Reviewed: https://review.openstack.org/647586
Committed: https://git.openstack.org/cgit/openstack/keystone/commit/?id=8877e9f01caf01fa66528afd78f32195d35d3b4a
Submitter: Zuul
Branch: master

commit 8877e9f01caf01fa66528afd78f32195d35d3b4a
Author: Colleen Murphy <email address hidden>
Date: Mon Mar 25 20:39:08 2019 +0100

    Remove redundant policies from v3cloudsample

    By incorporating system and domain scope and default roles into
    keystone's default policies for domains, we've effectively made these
    policies obsolete. This change also removes the redundant group
    management tests from the v3cloudsample tests.

    Change-Id: I4e3b19f9cc025a472fb27a33955856c2cd17fd1d
    Partial-Bug: #1806762

Reviewed: https://review.openstack.org/647553
Committed: https://git.openstack.org/cgit/openstack/keystone/commit/?id=3d3fa99a0503be678d7fe7058fd9220aca70716d
Submitter: Zuul
Branch: stable/stein

commit 3d3fa99a0503be678d7fe7058fd9220aca70716d
Author: Lance Bragstad <email address hidden>
Date: Mon Dec 10 22:22:52 2018 +0000

    Remove project policies from policy.v3cloudsample.json

    By incorporating system-scope, domain-scope, project-scope, and
    default roles, we've effectively made these policies obsolete. We can
    simplify what we maintain and provide a more consistent, unified view
    of default project behavior by removing them.

    Change-Id: I80221b72ce0f234440e6d6aaea51869bd5f1c6e7
    Related-Bug: 1806762
    (cherry picked from commit 546b7f1bba0c5a9b9c22828cc27a90191bb8f30d)

Reviewed: https://review.openstack.org/647587
Committed: https://git.openstack.org/cgit/openstack/keystone/commit/?id=7f257513f87c3eb9fd4aa9d904ed11cef6d9f47c
Submitter: Zuul
Branch: stable/stein

commit 7f257513f87c3eb9fd4aa9d904ed11cef6d9f47c
Author: Lance Bragstad <email address hidden>
Date: Thu Dec 6 21:14:44 2018 +0000

    Consolidate user protection tests

    This commit removes user policies from policy.v3cloudsample.json.
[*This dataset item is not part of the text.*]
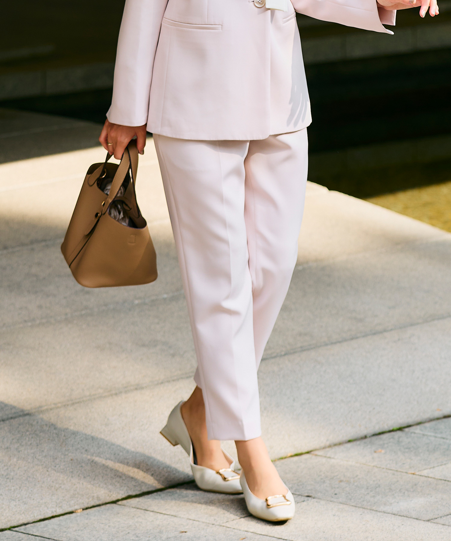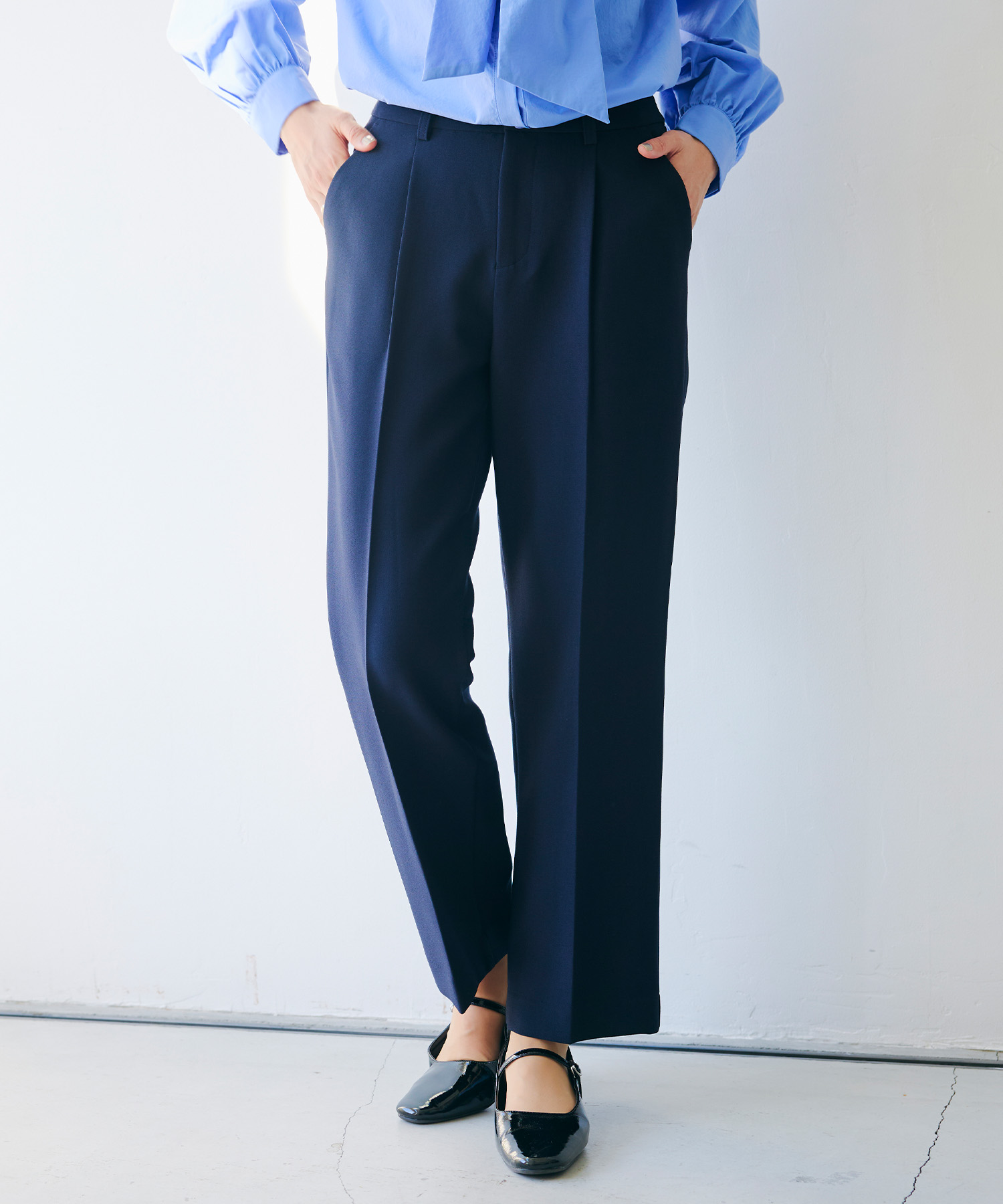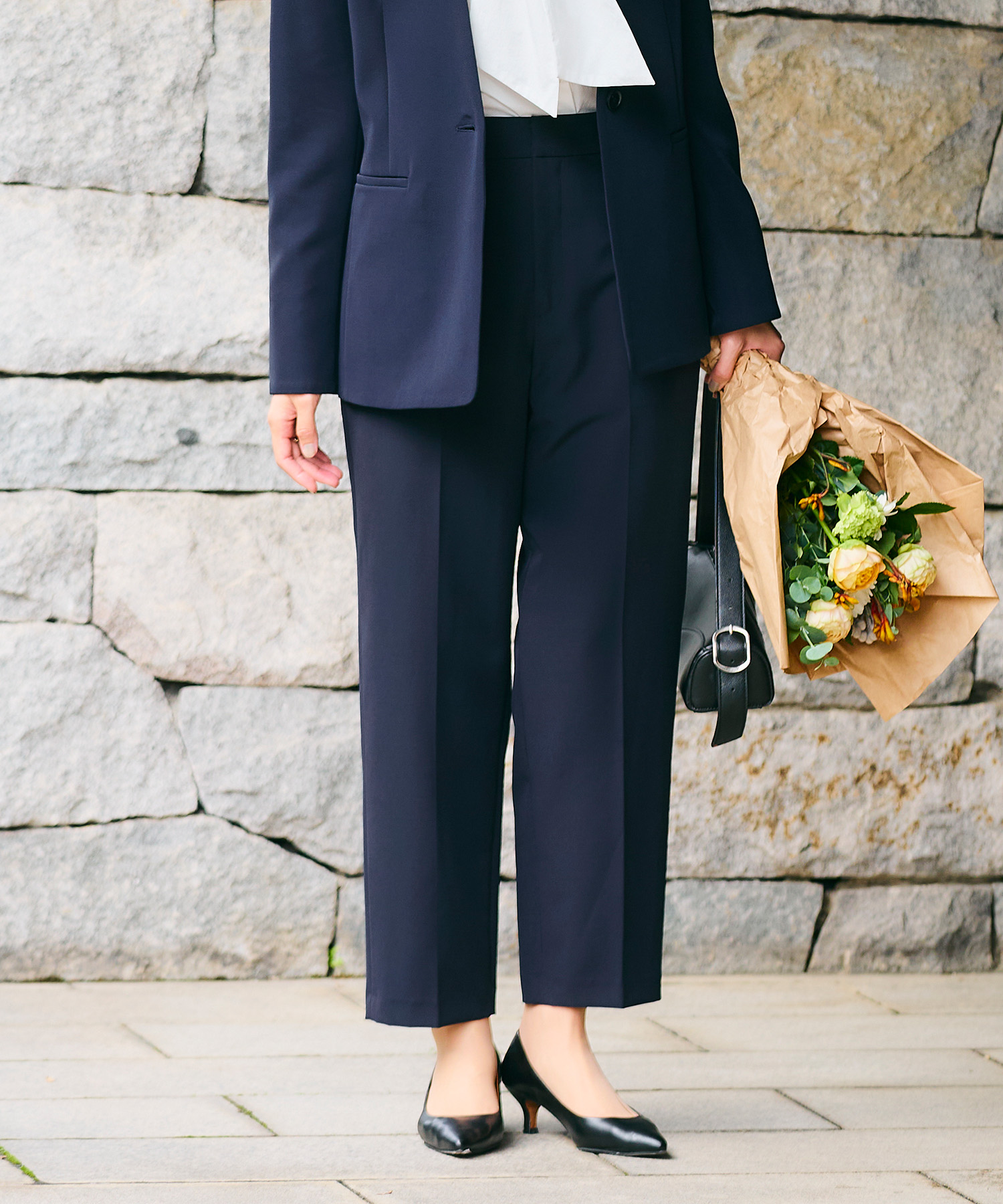 ほどよい細さとセンタープレスで、脚をすっきり見せてくれる美脚パンツ。足首がのぞく絶妙な丈感で、パンプス合わせもきれいに決まり、ハレの日のスタイルアップが叶います。

By
    incorporating system-scope, domain-scope, project-scope, and default
    roles, we've effectively made these policies obsolete. We can simplify
    what we maintain and provide a more consistent, unified view of
    default user behavior by removing them.

    This commit also adds an important filter to the GET /v3/users API by
    making sure the users in the response are filtered properly if the API
    was called with a domain-scoped token. This is needed in case domain
    configuration isn't setup and short-circuits normalization of the
    domain ID, which sometimes comes from the token if it is
    domain-scoped. Regardless of domain configuration being used, we
    should protect against cases where data leaks across domains in the
    name of security.

    Finally, this commit moves a couple of tests from test_v3_protection
    to test_users protection tests that ensures we do reasonable filtering
    while normalizing domain IDs. The remaining tests from
    test_v3_protection have been removed because they are no longer
    applicable. These tests were testing an HTTP 403 was returned when a
    domain users attempted to filter users for domains they didn't have
    authorization on. We don't use this approach consistently in keystone.
    Most other places where filtering is implemented, we ignore invalid
    filters and instead return an empty list. For domain users attempting
    to fish information out of another domain, they will receive an empty
    list to be consistent with other parts of the API.

    Change-Id: I60b2e2b8af172c369eab0eb2c29f056f5c98ad16
    Parial-Bug: 1806762
    (cherry picked from commit d2cc4c83c00256440eed0ed5b8d7131cc02d72d4)

Reviewed: https://review.openstack.org/647814
Committed: https://git.openstack.org/cgit/openstack/keystone/commit/?id=db3b293cdea31b5a2b4fab1108d905832ee15550
Submitter: Zuul
Branch: stable/stein

commit db3b293cdea31b5a2b4fab1108d905832ee15550
Author: Lance Bragstad <email address hidden>
Date: Fri Mar 22 21:08:25 2019 +0000

    Implement system reader functionality for grants

    This commit opens up the assignment API for system readers and system
    members to list and check grants for users and groups on projects and
    domains. Subsequent patches will:

     - refactor system admin policy checks
     - implement domain reader and member support
     - implement domain admin support
     - introduce test coverage for project users and the grants API
     - remove redundant policies from policy.v3cloudsample.json

    Change-Id: I04bafe2f7c83addddf18591eaeba80277321139b
    Related-Bug: 1805368
    Related-Bug: 1750669
    Related-Bug: 1806762
    (cherry picked from commit d1cfa3ab3f87f15f61c5387670d3b75ee2ba93ba)

Changed in keystone:
assignee: Colleen Murphy (krinkle) → Lance Bragstad (lbragstad)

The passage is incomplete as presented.